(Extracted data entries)
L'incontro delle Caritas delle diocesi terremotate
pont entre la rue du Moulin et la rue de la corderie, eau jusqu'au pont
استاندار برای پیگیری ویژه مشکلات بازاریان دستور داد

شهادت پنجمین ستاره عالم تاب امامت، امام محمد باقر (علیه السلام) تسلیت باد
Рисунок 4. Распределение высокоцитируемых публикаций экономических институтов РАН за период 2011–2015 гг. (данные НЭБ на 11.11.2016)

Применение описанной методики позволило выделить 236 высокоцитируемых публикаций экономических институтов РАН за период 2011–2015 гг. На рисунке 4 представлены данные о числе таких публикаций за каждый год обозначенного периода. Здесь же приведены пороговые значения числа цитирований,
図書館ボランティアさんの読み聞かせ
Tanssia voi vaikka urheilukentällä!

* * *

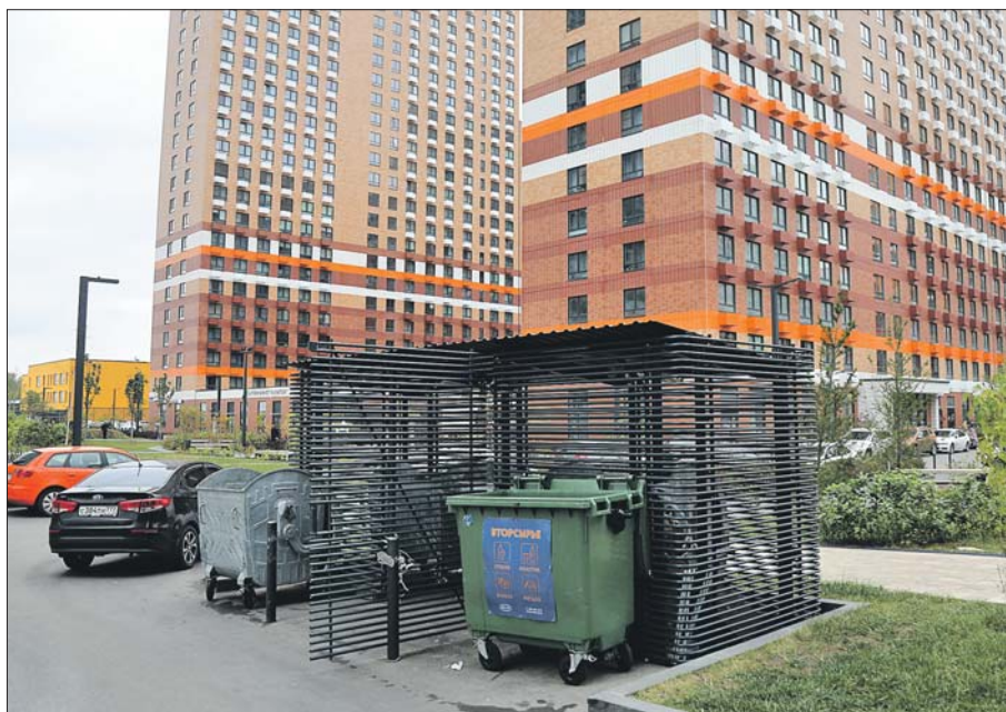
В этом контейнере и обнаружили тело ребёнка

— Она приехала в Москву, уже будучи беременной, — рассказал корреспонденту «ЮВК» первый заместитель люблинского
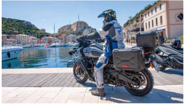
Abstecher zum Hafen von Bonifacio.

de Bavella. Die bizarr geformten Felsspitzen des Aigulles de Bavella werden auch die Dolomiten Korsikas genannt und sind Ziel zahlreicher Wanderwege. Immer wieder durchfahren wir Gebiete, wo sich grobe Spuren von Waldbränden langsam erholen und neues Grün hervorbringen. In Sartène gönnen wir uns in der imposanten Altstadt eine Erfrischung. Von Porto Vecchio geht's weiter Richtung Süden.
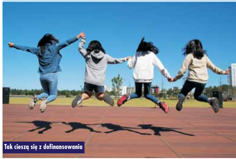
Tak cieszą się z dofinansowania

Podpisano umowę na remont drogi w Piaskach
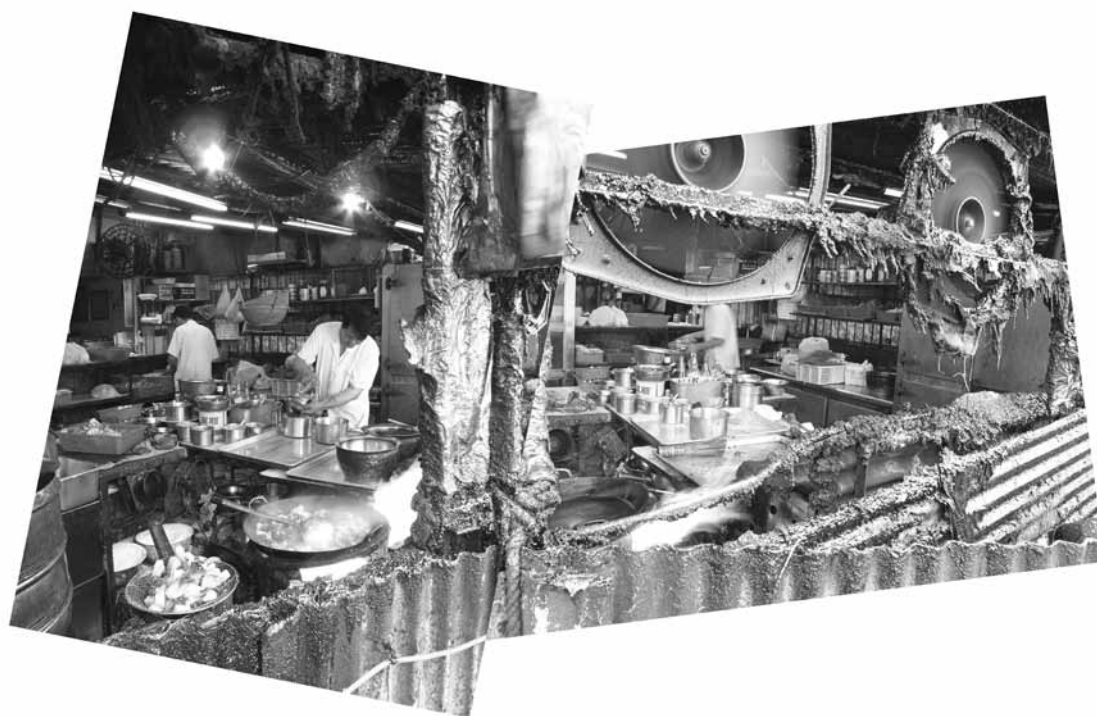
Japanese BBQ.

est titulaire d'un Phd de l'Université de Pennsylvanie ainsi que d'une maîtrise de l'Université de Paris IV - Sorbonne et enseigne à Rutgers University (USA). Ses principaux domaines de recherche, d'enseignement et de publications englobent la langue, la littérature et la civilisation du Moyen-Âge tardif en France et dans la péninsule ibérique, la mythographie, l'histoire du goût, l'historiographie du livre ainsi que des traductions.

...

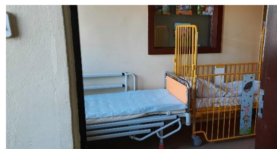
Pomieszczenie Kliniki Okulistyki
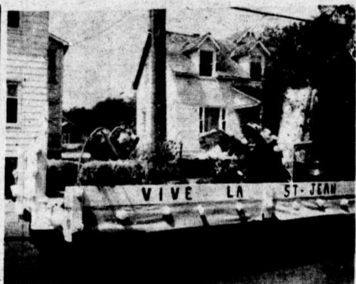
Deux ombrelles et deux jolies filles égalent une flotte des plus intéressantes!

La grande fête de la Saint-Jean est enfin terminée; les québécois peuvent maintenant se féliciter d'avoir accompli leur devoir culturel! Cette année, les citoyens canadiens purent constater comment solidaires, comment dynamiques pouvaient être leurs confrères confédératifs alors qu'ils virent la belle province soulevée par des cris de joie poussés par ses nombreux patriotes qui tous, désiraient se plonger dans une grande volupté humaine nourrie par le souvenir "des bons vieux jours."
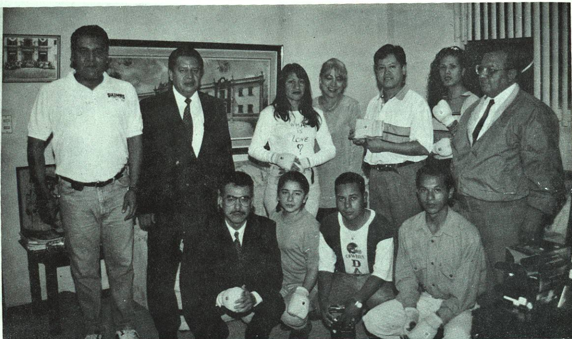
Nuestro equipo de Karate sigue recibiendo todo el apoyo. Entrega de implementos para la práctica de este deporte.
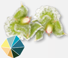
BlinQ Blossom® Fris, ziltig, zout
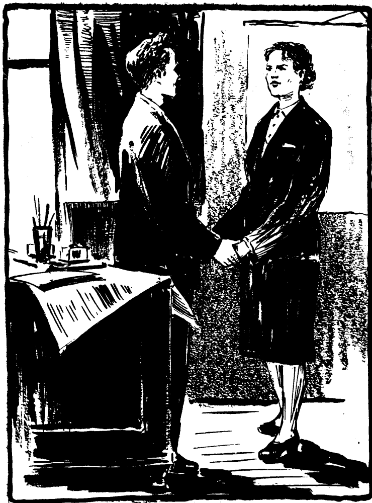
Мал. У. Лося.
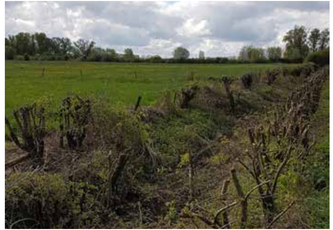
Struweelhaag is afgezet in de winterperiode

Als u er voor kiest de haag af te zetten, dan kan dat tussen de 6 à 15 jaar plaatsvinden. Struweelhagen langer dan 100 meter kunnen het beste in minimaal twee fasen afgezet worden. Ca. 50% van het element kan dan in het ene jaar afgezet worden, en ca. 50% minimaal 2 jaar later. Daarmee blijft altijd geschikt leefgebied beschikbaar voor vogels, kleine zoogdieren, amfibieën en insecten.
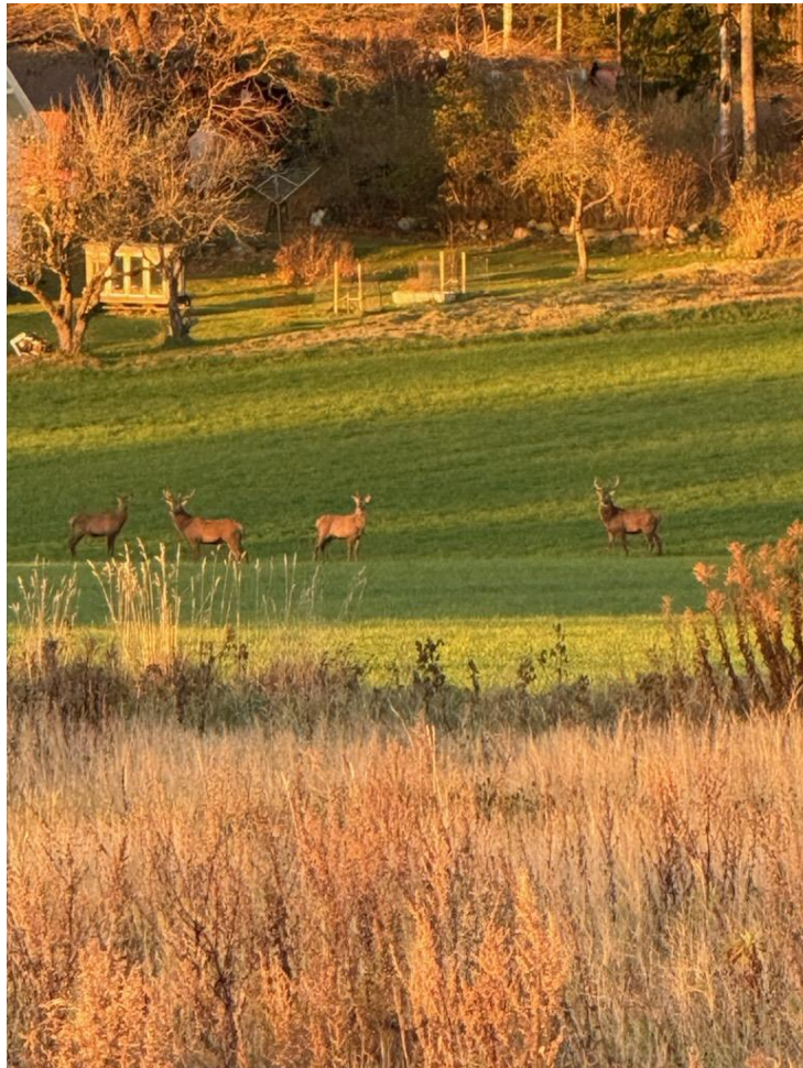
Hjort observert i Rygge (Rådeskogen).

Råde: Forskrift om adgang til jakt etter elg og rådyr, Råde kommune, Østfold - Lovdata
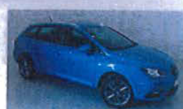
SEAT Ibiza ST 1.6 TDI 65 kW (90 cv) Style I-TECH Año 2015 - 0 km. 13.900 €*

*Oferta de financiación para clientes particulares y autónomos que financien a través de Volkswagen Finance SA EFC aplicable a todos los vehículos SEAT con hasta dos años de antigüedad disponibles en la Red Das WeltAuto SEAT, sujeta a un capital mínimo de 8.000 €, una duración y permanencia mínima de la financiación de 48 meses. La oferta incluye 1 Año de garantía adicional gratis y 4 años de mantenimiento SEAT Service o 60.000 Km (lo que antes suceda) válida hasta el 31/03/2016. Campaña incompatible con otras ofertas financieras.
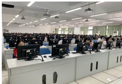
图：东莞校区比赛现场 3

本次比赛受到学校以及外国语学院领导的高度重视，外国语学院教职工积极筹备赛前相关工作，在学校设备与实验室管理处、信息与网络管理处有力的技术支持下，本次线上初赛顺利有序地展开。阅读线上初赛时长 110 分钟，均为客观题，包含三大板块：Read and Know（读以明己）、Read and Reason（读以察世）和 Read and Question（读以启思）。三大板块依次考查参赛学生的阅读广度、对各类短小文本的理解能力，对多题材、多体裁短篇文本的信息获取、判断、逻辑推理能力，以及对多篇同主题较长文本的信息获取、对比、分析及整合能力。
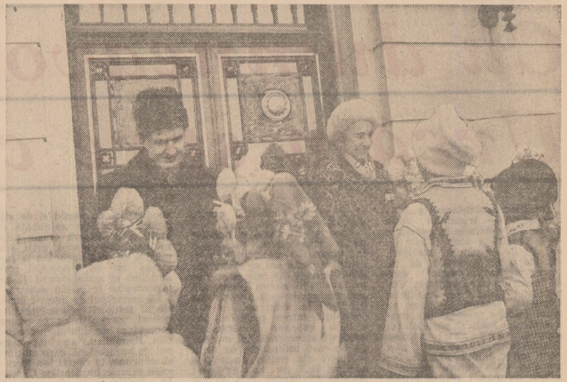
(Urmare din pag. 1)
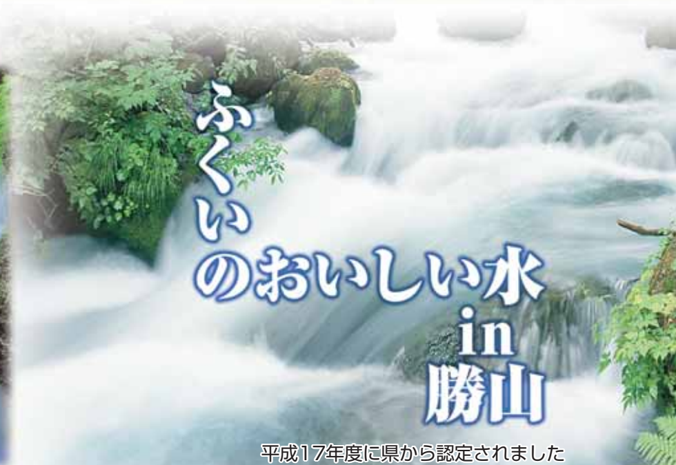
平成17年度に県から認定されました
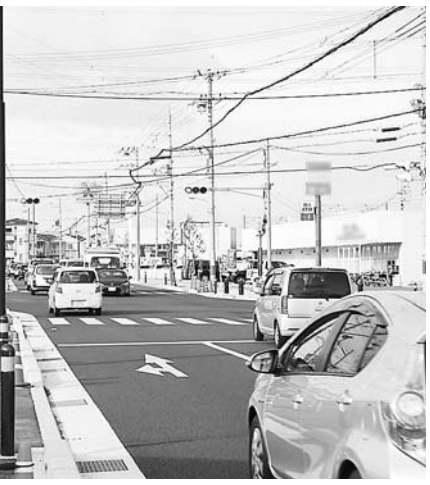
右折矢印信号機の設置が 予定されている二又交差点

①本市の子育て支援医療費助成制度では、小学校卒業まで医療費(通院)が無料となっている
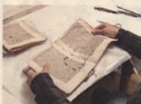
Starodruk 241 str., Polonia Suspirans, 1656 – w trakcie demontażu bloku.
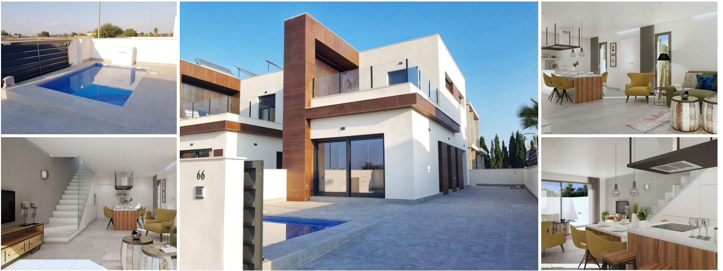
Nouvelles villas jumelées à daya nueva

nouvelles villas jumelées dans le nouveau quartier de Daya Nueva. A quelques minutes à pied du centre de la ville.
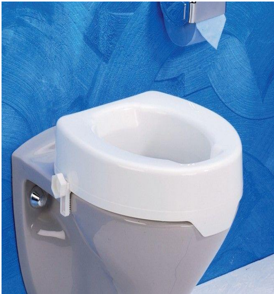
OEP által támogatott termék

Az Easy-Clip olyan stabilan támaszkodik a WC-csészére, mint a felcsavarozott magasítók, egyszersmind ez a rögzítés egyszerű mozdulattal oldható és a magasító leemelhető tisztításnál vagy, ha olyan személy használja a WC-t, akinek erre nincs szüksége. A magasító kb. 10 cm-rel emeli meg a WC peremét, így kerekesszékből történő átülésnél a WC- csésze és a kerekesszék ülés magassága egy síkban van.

**Brief:** Look through the data above and return exactly the lines from the one that contains "شهادت پنجمین ستاره" to the one that contains "Tanssia voi vaikka urheilukentällä!", inclusive, with nothing else.

**The completed task:**
شهادت پنجمین ستاره عالم تاب امامت، امام محمد باقر (علیه السلام) تسلیت باد
Рисунок 4. Распределение высокоцитируемых публикаций экономических институтов РАН за период 2011–2015 гг. (данные НЭБ на 11.11.2016)

Применение описанной методики позволило выделить 236 высокоцитируемых публикаций экономических институтов РАН за период 2011–2015 гг. На рисунке 4 представлены данные о числе таких публикаций за каждый год обозначенного периода. Здесь же приведены пороговые значения числа цитирований,
図書館ボランティアさんの読み聞かせ
Tanssia voi vaikka urheilukentällä!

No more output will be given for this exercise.